CrowdStrike and Palo Alto saw their stock prices fall the same week Anthropic shipped Claude Code Security, a tool for scanning codebases for vulnerabilities that overlapped directly with their enterprise offerings.
The pattern is not that Anthropic is deliberately targeting specific products. The pattern is that foundation model companies are expanding the definition of what a foundation model does. Every expansion absorbs categories that startups and open source projects had claimed.
This is the Indian IT parallel we drew in the Ryze article, playing out in real time across different product categories. The Indian IT industry built a $250 billion business on repeatable, well-defined tasks. Those tasks are exactly what AI absorbs fastest because they are well-specified enough to automate. OpenClaw automated well-defined messaging and local execution tasks. Claude Remote Control does the same thing with less friction.

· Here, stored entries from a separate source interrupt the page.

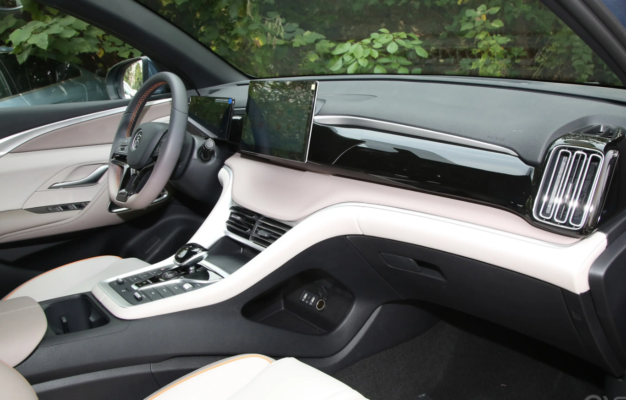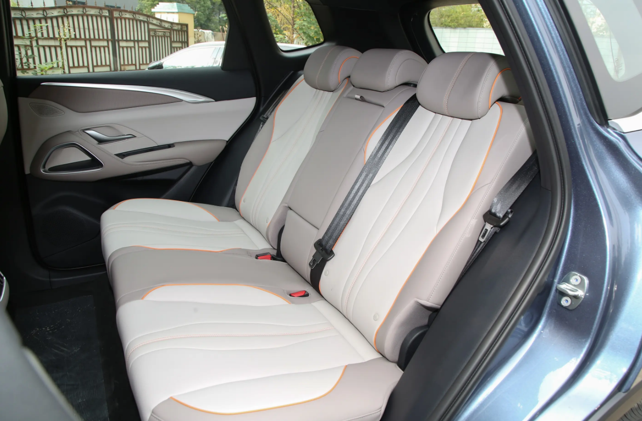 内饰的年轻化主要体现在配色和材质上的调整。新增了一种被称为净月米色的内饰配色,主要是象牙白和浅棕色的组合,既有家用车的温馨舒适感,又有新能源车的未来感。白色部分都采用了软材质包裹,给人一种高级感觉。同时,中间饰板采用了一种类似于织物的软材质,比之前的磨砂饰板要轻盈一些。这种材质也出现在车门上,给人一种舒适温馨的感觉。此外,宽大舒适的白色座椅是一体式运动座椅,而橘色的勾边则增添了一丝活力,突显了年轻感,但不会显得过于突兀。
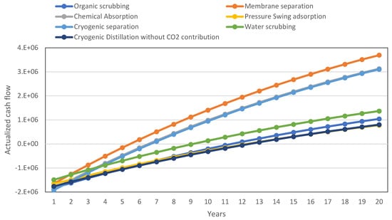There are three main methods of cryogenic separation: two include the condensation of carbon dioxide, while the third is based on its sublimation. The cryogenic distillation process and Rayan–Holmes method involve compressing biogas and lowering the temperature to take advantage of the different boiling points of methane and carbon dioxide for separation. The controlled freeze zone (CFZ) uses the solidification of carbon dioxide at atmospheric pressure to separate it from methane in the biomethane production []. The systems indicated for removing CO2 from CH4 are costly and technologically complex. They are typically adaptations of technology originally developed for natural gas refining, like the CFZ prototype created by Exxon Mobile [,].
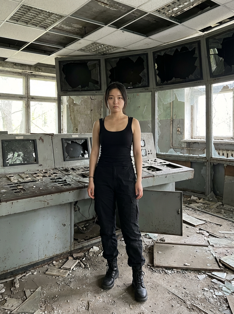 model inside the chernobyl nuclear reactor control room, standing among broken panels, shattered screens switched off. natural light from outside. wearing black boots and black pants and black tank top.

The developers who saw this coming are already asking the right question: what is left that foundation models cannot absorb with a single feature update?
What Actually Survives
Steinberger's own answer, embedded in OpenClaw's Vision document, is worth reading. The project explicitly rejects agent-hierarchy frameworks and heavy orchestration layers. It chose simple, serialized, debuggable architecture on purpose. Not because complex orchestration is impossible but because it creates systems that are hard to trust.
That design philosophy, prioritizing human understanding over autonomous capability, is the thing Claude Code Remote Control does not replace. Anthropic can ship a feature that controls your terminal from your phone. It cannot ship a project that teaches you why that should make you nervous.
OpenClaw's community, the developers who understood its internals, who contributed security improvements, who wrote the allowlist documentation, those people are not replaced by Claude Code Remote Control. They are the ones who know why it matters.
The products that survive this consolidation are the ones that encode knowledge Claude cannot surface with a connector. Not automation. Not integration. Understanding.
One More Thing
OpenClaw started as a weekend hack. Crossed 100,000 GitHub stars in two months. Its creator got hired by OpenAI. The project moved to a foundation. The lobster mascot survived every rebrand.
That is not a failure story. That is what happens when you build something real fast enough for the right people to notice.
The question for every developer building on top of AI infrastructure right now is not whether this will happen to them. It is whether they will be the person who gets hired by OpenAI or the person still maintaining the codebase after the category disappears.
Build things Claude cannot replace. Or build them fast enough that someone hires you before it does.
This is the third article in an unplanned series on how AI is reshaping what developers build and who gets to build it. The first was Claude Code Security: The Argument for Human-in-the-Loop Just Got Harder. The second was Claude Killed My Startup. We did not plan a series. The news planned it for us.